Now, the immigration bill that President Reagan is expected to sign into law soon has given hope to the Perezes, whose case is on appeal, and thousands like them.
The bill says that families like the Perezes cannot be deported (provided that they meet other criteria) even if they left the country, as long as the absence was “brief, casual and innocent and did not meaningfully interrupt the continuous physical presence.”
‘Innocent’ Absence OK
The new provision, which addresses such “suspension of deportation,” is separate from the one that grants amnesty to people who have lived here illegally since before 1982. But both provisions make it clear that “brief, casual and innocent” absences are permissible in the process of establishing residency.
The legislation effectively overturns a 1984 Supreme Court decision, which narrowly interpreted a 1952 immigration law as prohibiting any absence.
The case, INS vs. Phinpathya, involved a Thai woman, Padungsri Phinpathya, who was ordered deported because she interrupted her U.S. residency with a three-month trip to Thailand.

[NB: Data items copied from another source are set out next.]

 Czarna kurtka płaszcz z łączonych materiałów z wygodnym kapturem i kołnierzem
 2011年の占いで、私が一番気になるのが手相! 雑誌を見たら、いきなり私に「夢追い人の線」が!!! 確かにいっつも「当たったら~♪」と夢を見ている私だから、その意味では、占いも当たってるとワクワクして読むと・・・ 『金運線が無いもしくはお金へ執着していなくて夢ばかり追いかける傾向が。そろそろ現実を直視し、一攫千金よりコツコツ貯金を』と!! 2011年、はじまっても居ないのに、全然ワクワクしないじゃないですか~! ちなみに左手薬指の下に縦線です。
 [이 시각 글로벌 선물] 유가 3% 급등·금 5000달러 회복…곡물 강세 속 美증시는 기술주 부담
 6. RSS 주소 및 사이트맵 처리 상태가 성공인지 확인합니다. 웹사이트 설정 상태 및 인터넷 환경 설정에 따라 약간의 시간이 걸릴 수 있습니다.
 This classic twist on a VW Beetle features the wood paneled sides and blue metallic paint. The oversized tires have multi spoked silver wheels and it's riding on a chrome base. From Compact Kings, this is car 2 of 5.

The case became the basis for a rash of INS rulings against undocumented aliens seeking to remain in the United States.
In an interview from San Francisco, Marc Van Der Hout, attorney for the Perezes, said the immigration judge in their case “said he felt bound by Phinpathya. I think it’s outrageous.”

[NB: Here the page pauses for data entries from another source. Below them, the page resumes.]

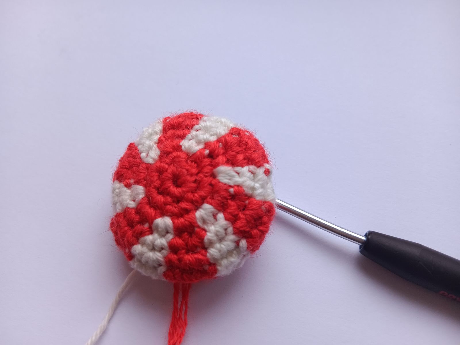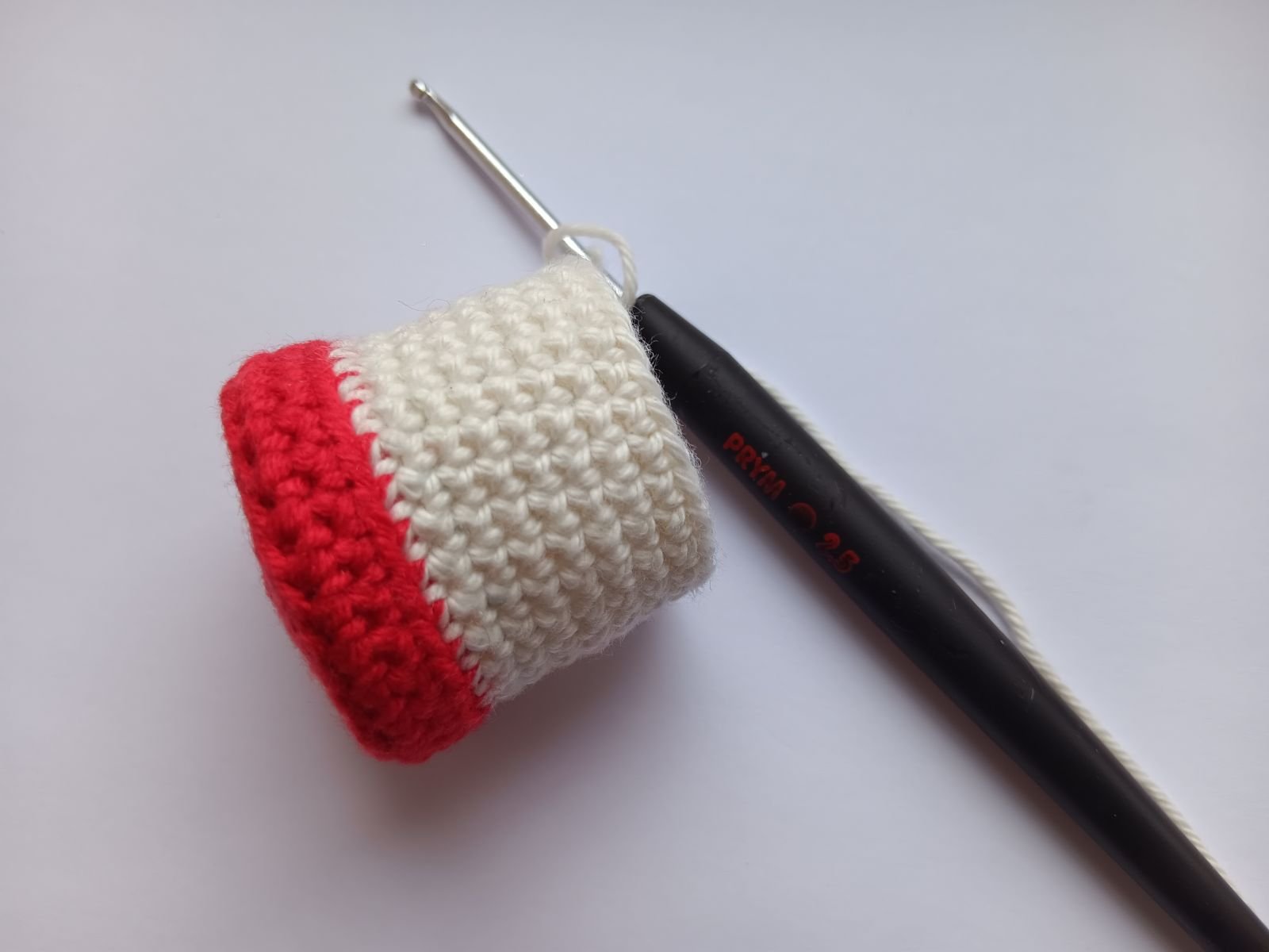Round 5-6: single crochet in each of next 36 stitches - 3 stitches in red and 3 stitches in white
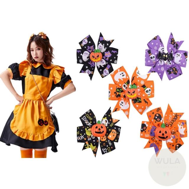 南瓜蝙蝠髮夾 WULA烏拉 南瓜夾子 萬聖節飾品 萬聖節髮夾 南瓜髮夾 夾子 蝴蝶結髮夾子 蝙蝠髮夾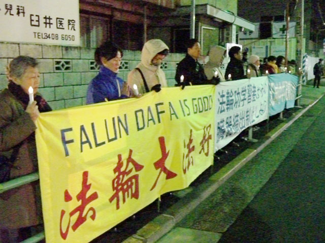 ![]() 二零零六年十二月三十一日,日本法轮功学员在中使馆前烛光悼念在中国遭迫害致死的同修 |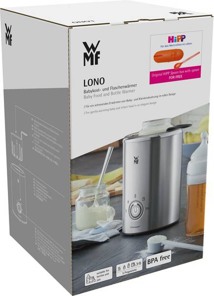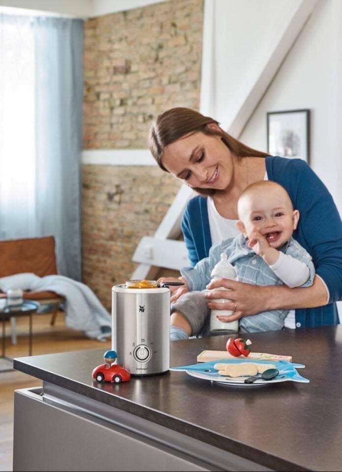 MÁY HÂM SỮA VÀ THỨC ĂN WMF Máy hâm sữa và thức ăn WMF ̛́̃ ̀ ̛́ ̆ HÀNG CÓ SẴN – Giá: 1.650k Tuyển đại lý bán buôn, CTV trên toàn quốc ------------------------------------------- ️ Phím có đèn LED và chức năng một chạm ️ Máy có 5 chức năng rất tiện cho mẹ chăm em: 1. Làm ấm đồ ăn của các bé, giã đông sữa mẹ để trong tủ lạnh 2. Làm nóng bình sữa size bé đến nhiệt độ thân nhiệt của mẹ (37 độ C) 3. Làm nóng bình sữa size lớn đến nhiệt độ thân nhiệt của mẹ (37 độ C) 4. Làm nóng thức ăn của các bé đến nhiệt độ thân nhiệt của mẹ 5. Làm nóng nhanh thức ăn và sữa của các bé ️ Thiết kế nhỏ gọn, trang nhã, sản xuất theo công nghệ độc quyền Cromagan đảm bảo an toàn tuyệt đối khi tiếp xúc đồ ăn ở nhiệt độ cao. ️ Chế tác tỉ mỉ trên chất liệu inox 304 hay còn được biết đến là thép không gỉ 18/10, là chất liệu cao cấp không bị bào mòn, không bị oxi hóa khi tiếp xúc hóa chất, đặc biệt an toàn tuyệt đối với sức khỏe người tiêu dùng theo tiêu chuẩn Châu Âu. ️ Chai / ly sử dụng có thể điều chỉnh chiều cao bốn giai đoạn - để dễ dàng tháo lắp ️ Chức năng tự động tắt và giữ ấm (40 phút) ️ Bình nhựa không chứa BPA thân thiện cực kỳ. ️ Thiết kế nhỏ gọn, tinh tế cực sang mà lại bền. ️ Thông số kỹ thuật: Kích thước (DxWxH): 11,5 x 9 x 13,7 cm; Khối lượng: 998g; Công suất: 140W; Điện áp: 220-240V ~ 50-60Hz -----------------------------------------

The INS estimates that there are about 15,000 such cases a year. Immigration experts say only about 300 succeed in getting their deportations suspended.

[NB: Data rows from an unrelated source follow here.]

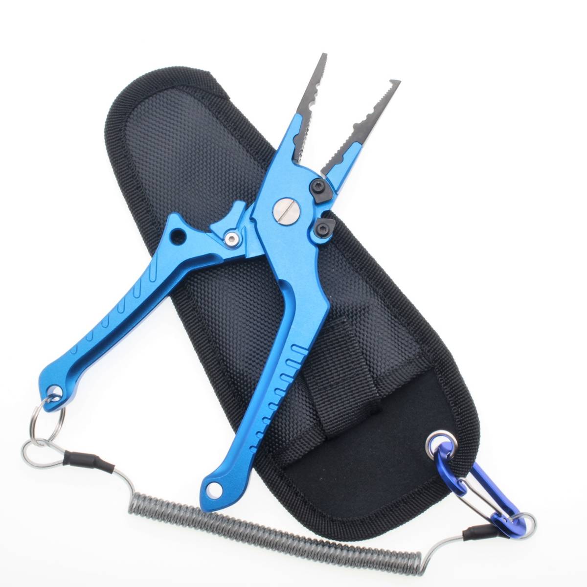 - 【送料無料】ロック付き 軽量アルミ製 フィッシングプライヤー ブルー ロングノーズ PEラインカッター 多機能 釣りペンチ 針外し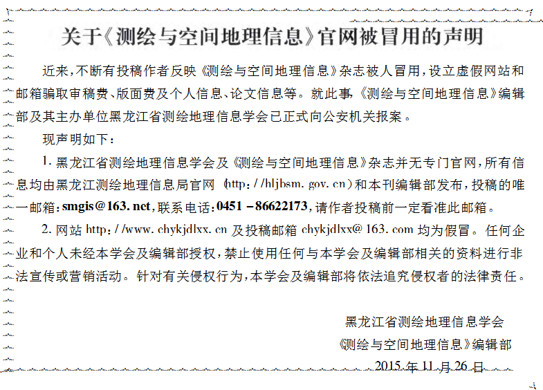 《测绘与空间地理信息》于1978年创刊,本刊是黑龙江测绘局主管、黑龙江省测绘学会主办。全国省级第一个测绘期刊,历经《黑龙江测绘》、《东北测绘》更名至今,现已成为印刷精美、内容丰富、读者面广、印刷量大、装帧精美、页码厚重、超越地域限定的全国优秀测绘期刊、中国测绘行业大刊!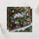 Adorables tarjetas de Navidades que puedes personalizar con tu propio mensaje de vacaciones. El frente es una escena adorable con un tren de época alrededor del árbol de Navidad.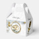 Des décorations d'or et d'argent pétillantes entourées de feuillage festif vert sauge, avec de la neige fraîchement tombée dans un pays merveilleux d'hiver, pour votre jour de mariage sur le thème de Noël.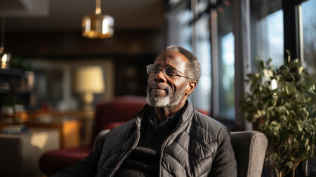 Portrait of a mature African man with a gray beard and hair, wearing eyeglasses and a black shirt, confidently looking camera. Blurred background copy space. Stylish professional.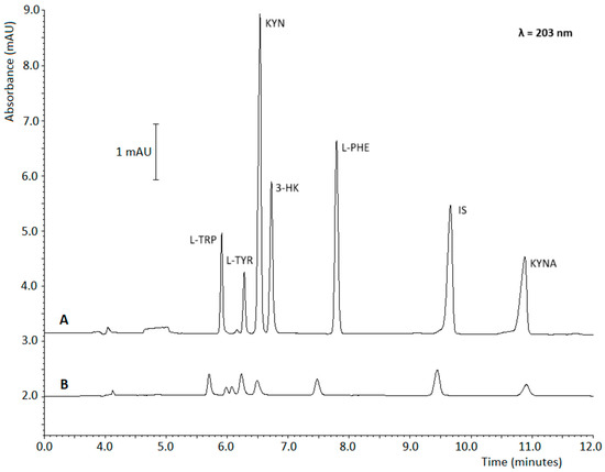Signal enhancement effect for kynurenine pathway compounds using the PAEKI-MEKC technique and the mixed micelle system compared to standard HDI coupled with the MEKC separation. (A) PAEKI: 2 min, −6.5 kV, 0.5 psi, (B) HDI 5 s, 0.5 psi. Other conditions: BGE: 2 mM Brij-35, 20 mM SDS, 20 mM Na2B4O7, 20% (v/v) MeOH; applied voltage: 25 kV; capillary 50 cm (length) × 50 µm (I.D.). Analytical wavelength: 203 nm. Analyte and IS concentration: (A) 1 μg/mL, (B) 20 μg/mL.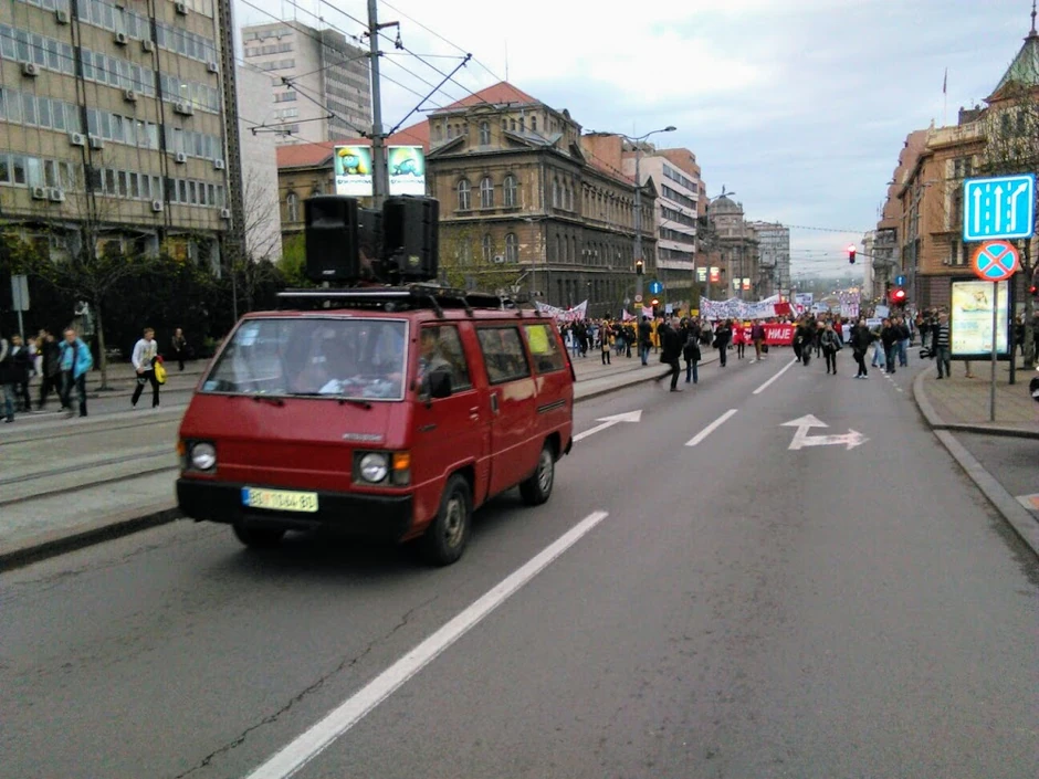Predvodnica kolone današnjeg protesta u Beogradu je crveni "micubiši" kombi iz 1991. godine!

In addition to the seven-year residency requirement, people seeking to avoid deportation must also show that they are of good moral character and that their deportation would cause “extreme hardship” for them or their families.
The Perezes have three other children, ages 10, 4 and 2--all U.S. citizens. Because their parents would take them to Mexico if they were deported, the children would be forced to live in an alien environment to which they could not adequately adjust, their attorney asserts. Also, Van Der Hout said, the two parents--he is a construction worker and she is a housekeeper--have established strong community and personal ties here.
People fall into deportation proceedings in many ways. Some come into the country on legal visas, which expire, and they overstay. Others simply get caught by the INS after entering illegally.
The Perezes were under a legal status conferred temporarily on hundreds of thousands of people nationwide but revoked in 1982 after an INS ruling.
Experts in immigration law say the narrow Supreme Court decision made it virtually impossible to get the already elusive suspensions because so many people make short visits across the borders--often for funerals or to see sick relatives.
Warren Leiden, executive director of the American Immigration Lawyers Assn., said that “this change is a tremendous boon because it returns the law to what it was” before the high court ruling. Under the Supreme Court interpretation, he said, “literally falling over backwards” into Mexico could be cited as grounds for refusing suspension of deportation.
A congressional aide familiar with the new legislation said the intent of Congress was to restore a more flexible interpretation to the continuous residency provision. “Most members basically felt the Supreme Court was harsher than what INS had been interpreting,” the aide said.